# Which Vinyl Cutter to buy?



## mkeg (Oct 2, 2012)

Hello all,

I have started my tshirt business at a small budget late last year and it has been successful but after experiencing a few problems with injet transfers, i am now ready to move up to Vinyl transfers as they last for longer. I am in the middle of buying a VINYL CUTTER/ PLOTTER but i really dont know which one is best. Been looking on ebay and amazon but all im seeing is the following 

1- USCUTTER LASERPOINT 28"
2- MH721 VINYL CUTTER / PLOTTER CUTTER OPTICAL EYE
3- LIYU SC631E VINYL CUTTER / PLOTTER CUTTER OPTICAL EYE
4- LIYU TC631 VINYL CUTTER / PLOTTER CUTTER OPTICAL EYE
5- 260 REDSAIL RS720C

Does anyone know any of this VINYL CUTTER / PLOTTER CUTTERS??
Can you recommend any?
Please help and many thanks in advance.


----------



## Corel Whisperer (Sep 1, 2010)

I would recommend doing a search on this forum for each one of the cutters you have listed and read the posts about them. This will give you a good idea of some of the issues pro and con for each one. I will tell you, there are only a few for the Red Sail cutter and they were looking for support. 
Support for the cutter will be just as important as the cutter itself. If it doesn’t work and you can’t get support it has little value. In the end you get what you pay for.


----------



## RNBCUSTOMS (May 19, 2013)

I am using the Laserpoint but if you can afford one with an optical eye buy that instead. Also stay away from that 28" laserpoint as its old. Laserpoint 2 comes in 25, 31.5 and 50"


----------



## mkeg (Oct 2, 2012)

Many thanks guys i will search in here for these cutters and i will learn more about them. RNB CUSTOMS i take it optical eye is better then or is it just newer?


----------



## Corel Whisperer (Sep 1, 2010)

mkeg said:


> Many thanks guys i will search in here for these cutters and i will learn more about them. RNB CUSTOMS i take it optical eye is better then or is it just newer?
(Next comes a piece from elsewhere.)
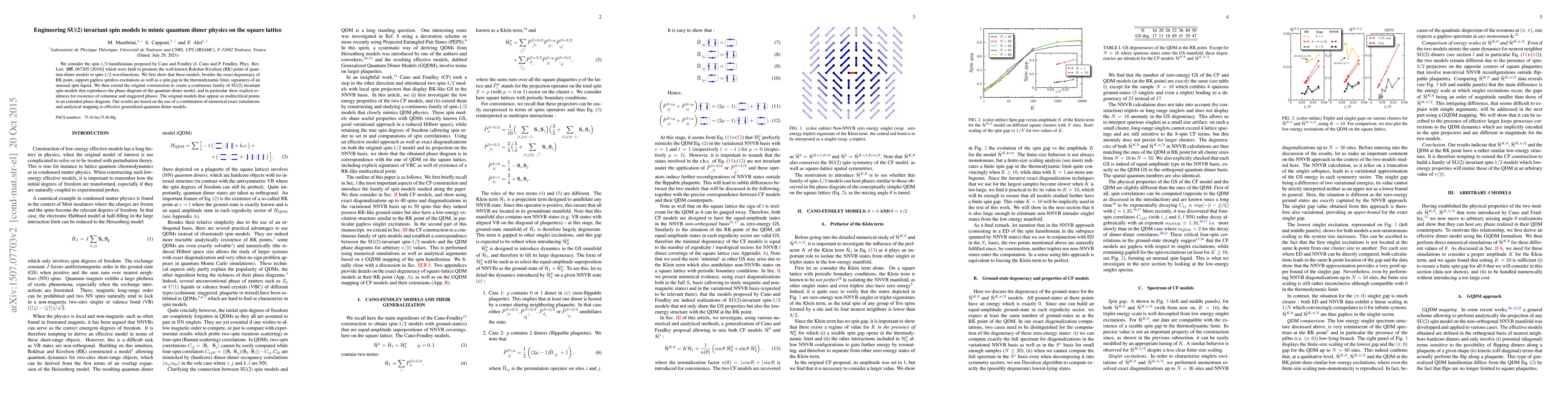 We consider the spin-1/2 hamiltonians proposed by Cano and Fendley [J. Cano and P. Fendley, Phys. Rev. Lett. 105, 067205 (2010)] which were built to promote the well-known Rokshar-Kivelson (RK) point of quantum dimer models to spin-1/2 wavefunctions. We first show that these models, besides the exact degeneracy of RK point, support gapless spinless excitations as well as a spin gap in the thermodynamic limit, signatures of an unusual spin liquid. We then extend the original construction to create a continuous family of SU(2) invariant spin models that reproduces the phase diagram of the quantum dimer model, and in particular show explicit evidences for existence of columnar and staggered phases. The original models thus appear as multicritical points in an extended phase diagram. Our results are based on the use of a combination of numerical exact simulations and analytical mapping to effective generalized quantum dimer models.

A cutter with an optical eye gives you the ability to cut around a printed design. This option was added to cutters a few years back. Match one of these cutters with a printer and transfer paper lets you print the design on the printer and then trim around the design using the cutter. Granted there are steps you must do the graphics program to make this happen. Getting a cutter with an optical eye just gives you that advantage over one without it.


----------



## mkeg (Oct 2, 2012)

i will most certainly be looking for an optical eye cutter, i have the epson wf7015 which prints out pigment inkjet transfers for me on JPSS paper but i really wanna be moving over to the vinyl side of things as durability is much better, but could a cutter still cut around the JPSS paper?


----------



## calhtech (Feb 4, 2012)

mkeg said:


> i will most certainly be looking for an optical eye cutter, i have the epson wf7015 which prints out pigment inkjet transfers for me on JPSS paper but i really wanna be moving over to the vinyl side of things as durability is much better, but could a cutter still cut around the JPSS paper?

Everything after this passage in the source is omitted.